I have been doing some testing and found that the ‘Delimited Data Reader’ reads csv files significantly faster than the ‘Universal Data Reader’. While that may not come as a surprise, the documentation makes no reference to the performance benefits of one over the other.
I also don’t understand why one performs over the other… it seems that via the metadata or component properties the ‘Universal’ should be able to determine which component to run for the best performance, behind the scenes.
I also found that the Iced Tea 1.7.0.0 JVM runs significantly faster than the Java JRE 1.6.0.3, specifically on file I/O.

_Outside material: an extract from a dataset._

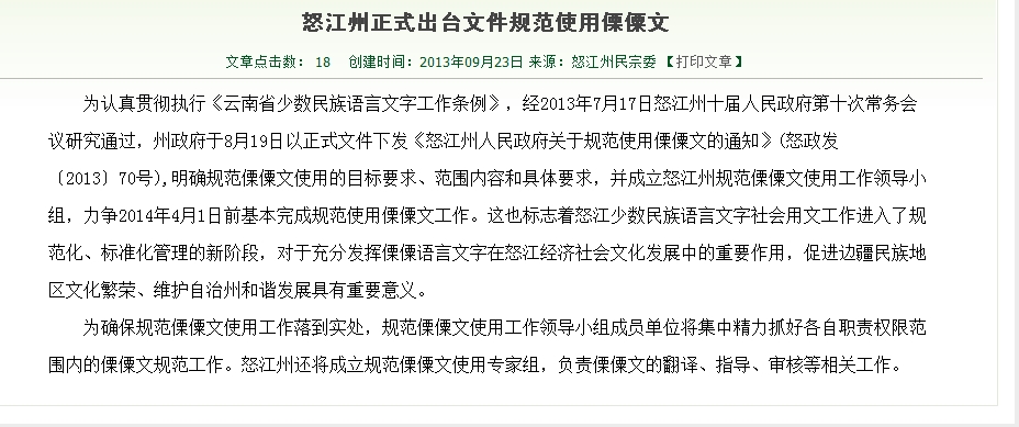 怒江州出台文件规范使用傈僳文

Just some thoughts and notes from my testing so far… Hope it helps someone.
Shane
Hello Shane!
Thanks a lot for you effort in this topic, we really appreciate it!
Regard your questions:
The Delimiter data reader component is about 10% faster then Universal data reader according our internal testing. We know that and the main reason lies in different delimiter searching algorithm - full implementation of Aho-Corasick string searching. This ensure correct handling of multi-character delimiters and record delimiter. There are few other improvements - like better error recognition and error reporting.

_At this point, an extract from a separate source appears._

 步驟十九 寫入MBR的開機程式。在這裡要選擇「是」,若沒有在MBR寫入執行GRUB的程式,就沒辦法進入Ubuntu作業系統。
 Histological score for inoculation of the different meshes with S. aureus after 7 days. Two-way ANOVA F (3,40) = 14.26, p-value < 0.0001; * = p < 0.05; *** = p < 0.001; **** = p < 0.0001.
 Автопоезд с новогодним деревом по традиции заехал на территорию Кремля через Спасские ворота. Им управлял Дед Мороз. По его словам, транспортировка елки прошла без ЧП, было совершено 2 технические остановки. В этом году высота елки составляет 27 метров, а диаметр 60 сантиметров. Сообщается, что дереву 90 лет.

You are right, all three flat-file readers (delimited, fixlen and universal) could be joined into one component, that only decides based on the metadata, which of the available parsers will be used. Unfortunately we are in current state for some historical reason. However be sure we are considering this possibility.
We are also very interested in your experiences with running clover engine with Iced Tea 1.7.0.0 JVM. May I ask you to send us any results of your testing?
Thanks again for your deep inside. Martin